En tout cas, le dictonnaire de WR cite 'culture générale' parmi les traductions possibles de 'trivia'.  



Chimel said:


> Il connaît des tas de choses


Personnellement, c'est ce que je dirais spontanément.


----------



## JClaudeK

Itisi said:


> En tout cas, le dictonnaire de WR cite 'culture générale' parmi les traductions possibles de 'trivia'.


On ne va pas refaire toute la discussion . (le dictonnaire de WR n'est pas infaillible !)


----------



## Itisi

JClaudeK said:


> On ne va pas refaire toute la discussion . (le dictonnaire de WR n'est pas infaillible !)



1.  Mais on n'a fait que ça ! 
2.  Je suis bien d'accord.


----------



## joelooc

C'est exactement ça: que ce soit Trivial Pursuit ,Qui Veut Devenir Millionaire ou Questions pour un Champion, les questions de culture populaire ne relevant pas d'un domaine précis sont classées "Culture Générale" à tort ou à raison.


----------



## JClaudeK

joelooc said:


> les questions de culture populaire ne relevant pas d'un domaine précis sont classées "Culture Générale" à tort ou à raison.

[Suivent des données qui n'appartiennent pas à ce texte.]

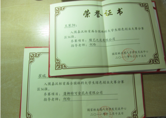 由国家林业局举办的2011年度首届嘉汉杯绿色创业大赛,已圆满落幕 。公司两支代表队入围嘉汉杯首届全国林科老员工绿色创业大赛分赛区36强。
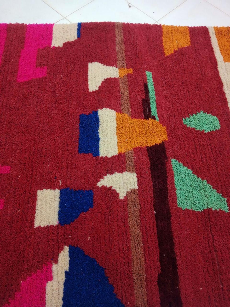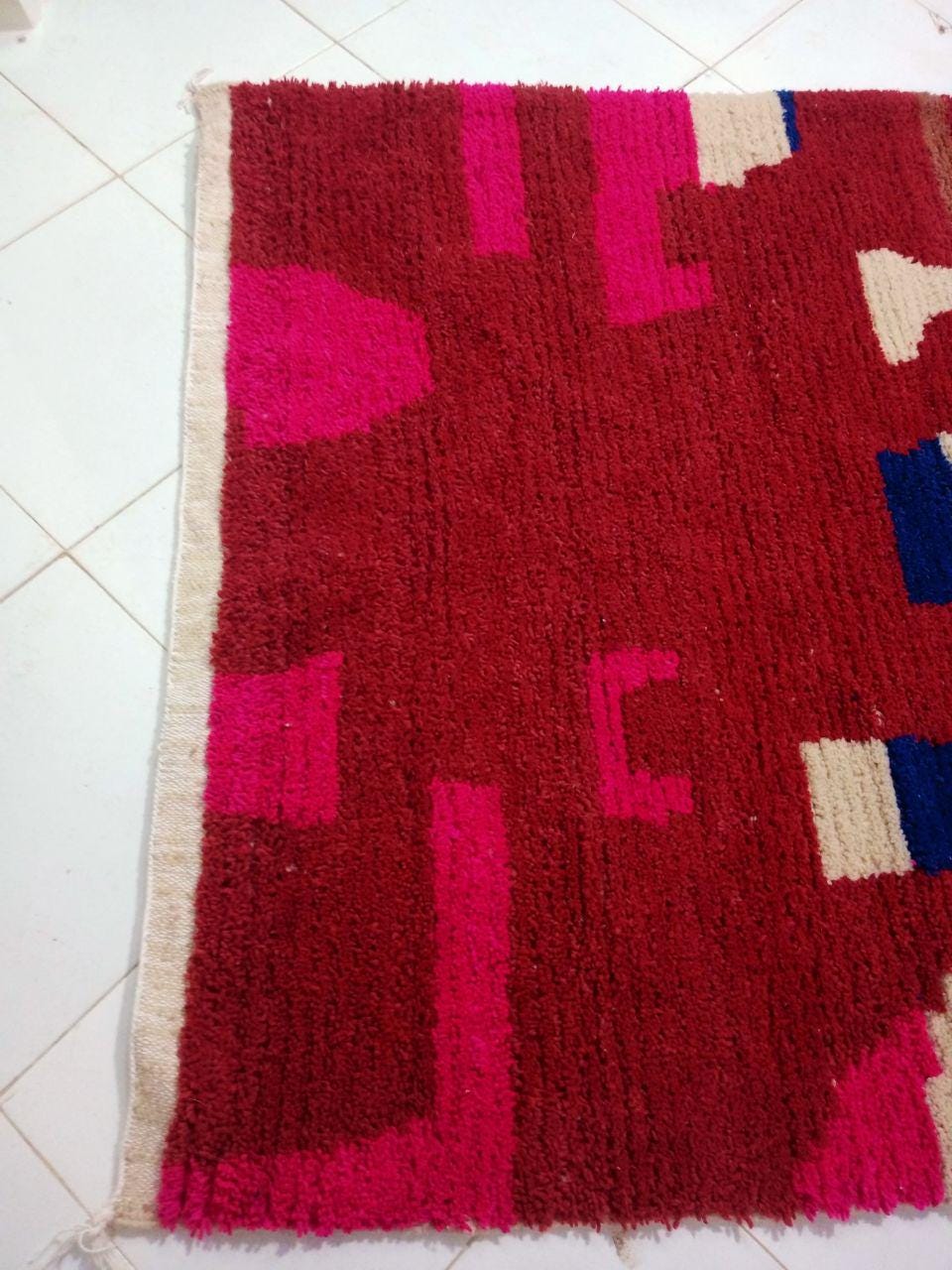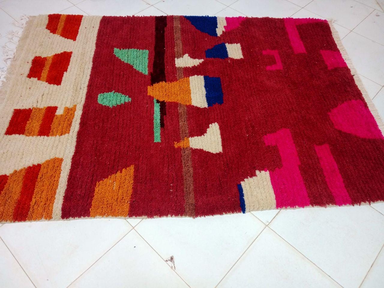 A Moroccan Berber Colorful rug is a traditional handwoven floor covering that originates from the indigenous Berber people of Morocco. These rugs are known for their intricate patterns and bold, geometric designs, which are created using a variety of natural dyes and High-quality Wool. Moroccan boujad rugs are versatile and can be used to add a touch of bohemian chic to any room, from a living room or bedroom to a home office or entryway. They are durable and easy to maintain, making them a practical choice for high-traffic areas. Whether you're looking to add a pop of color to your space or create a warm and welcoming atmosphere, a Moroccan Berber rug is a great choice. 📌 Shipping: insured, trackable, Fast, and FREE Worldwide by FedEx or DHL (2 to 5 days delivery). ❖ Cleaning: all rugs are carefully cleaned before shipping. ❖ Colors: Please take a look at the pictures. ❖ Texture: Moroccan / soft / Shag. ❖ Technique: Hand-Knotted ❖ Construction: Handmade ❖ Location: Indoor Use Only ❖ Material: Your order is made entirely by hand from natural wool, which means there will be natural (and beautiful) variations in pattern and color. Wool shrinks. ❖ Pattern: Because the product is handcrafted, the pattern and Colors may vary slightly from one piece to another. ❖ Size: While we try our best to ensure consistent sizing, it is possible for final sizes to vary by a few inches more or less. ❖ Tassels: One side is the Traditional way of making the rugs. 📌Ships tightly rolled in a protective bag. Any slight creasing will disappear within a few days. Shedding loose fibers is normal with new rugs. Shedding will diminish with regular vacuuming. If you have any questions or queries, please feel free to contact me via messages.

Mais "culture générale" n'exprime pas la même chose que "trivia" (sinon, pourquoi ne pas avoir utilisé "general culture" ?!)
Si on traduisait "trivia" par ce terme (certes très vaste), la traduction serait très infidèle.


----------



## Itisi

JClaudeK said:


> On ne va pas refaire toute la discussion .)


Ben, si !


----------



## Itisi

JClaudeK said:


> (sinon, pourquoi ne pas avoir utilisé "general culture" ?!)


On dirait plutôt 'general knowledge', qui passe mieux, (mais ça ne nous avance pas)...


----------



## DearPrudence

(et un bon exemple de trivia, ça serait pas de savoir que "Who wants to be a millionaire?" est "Qui veut* gagner des millions ?*" en France ? )


----------



## Itisi

(Ce n'est pas mon fort...)


----------



## JClaudeK

DearPrudence said:


> (et un bon exemple de trivia, ça serait pas de savoir que "Who wants to be a millionaire?" est "Qui veut* gagner des millions ?*" en France ? )



Bien sûr, maintenant que tu le dis ! Mais vu que je ne regarde jamais ce genre d'émission ......



Itisi said:


> On dirait plutôt 'general knowledge'


C'est une erreur de ma part, effectivement.


----------